В больницу мы пошли вместе. Она сказала, что без меня не пойдет, пусть хоть сто милиционеров тащут. Все время, покуда она была в операционной, я сидела в коридоре. Потом ее отвезли в палату, уложили в постель. Она схватила мою руку цепкой влажной лапкой и не отпускала. Соседние койки почему-то пустовали, мы с ней были одни. Она лежала неподвижно, видно, боялась пошевелиться. Потом сказала чуть слышно:

— Ни за что больше… никогда… так больно, страшно так…

— Да, Маечка, да. Я понимаю.

— Нет, не понимаете… Никто не понимает…

Я не знала, который час.

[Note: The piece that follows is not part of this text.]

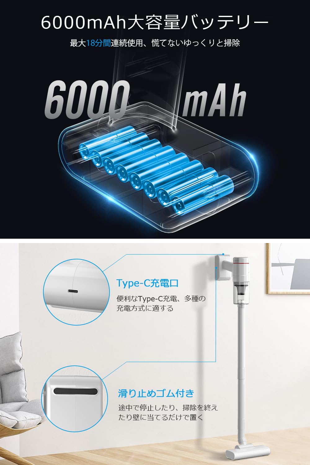 【たった660gの軽量ボディでどこでも楽々操作】超軽量設計のコードレス掃除機は、片手でも楽に扱えるため、家中の隅々までストレスなく掃除ができます。内蔵された大容量バッテリーにより、一度の充電で最大35分間の連続使用が可能。さらに、Type-C充電ポートを採用しているので、家庭内だけでなく車内でも便利に充電できます。長時間の使用でも疲れにくく、女性やお年寄りにも安心してお使いいただける設計です。

Давно уже нужно было позвонить Диме. Хорошо, если он догадается и сам позвонит Е. Д. А если нет? Я заставила себя не думать об этом. Уйти я все равно не могла, липкая ручка держала меня крепко.

Так я сидела, не знаю сколько времени, очень долго. Потом пальцы ослабели, кулачок разжался, я тихонько потянула руку. Майка вздрогнула и открыла глаза.

— Спи, — шепотом попросила я.

— Не.

— Почему, Маечка?

— Я засну, а потом проснусь, а вас нету.

— Я буду.

На меня неотрывно смотрели разноцветные глаза.

— Правда, не уйдете от меня?

Мне показалось, это не только о сегодняшнем.

— Правда.

Она длинно вздохнула. Глаза у нее закрывались. Вдруг она снова открыла их.

— А тогда знаете чего? Томка говорит: «Скажи, что родить хочешь — отпустят, не имеют права. А дома сделаешь что надо, и гуляй!» А он, на кой он мне.

Я поняла: «он» это ребенок.

— Спи, — сказала я. — Все будет хорошо.

Она слабо улыбнулась. Пожалуй, и улыбку Майкину я видела впервые. Та гримаска, которую она выдавала за улыбку раньше, была какая-то неопределенная ухмылка. Сейчас она улыбалась, как ребенок, который долго плакал и наконец утешился и поверил, что все плохое кончилось.

Я сидела возле спящей Майки и думала: как могла я ее не любить? Как вообще можно их не любить, этих детей? Именно этих, которые заблудились в жизни. И именно из-за того, что заблудились. Если бы у меня сейчас спросили: в чем суть моей нынешней профессии, я ответила бы одним словом — любить.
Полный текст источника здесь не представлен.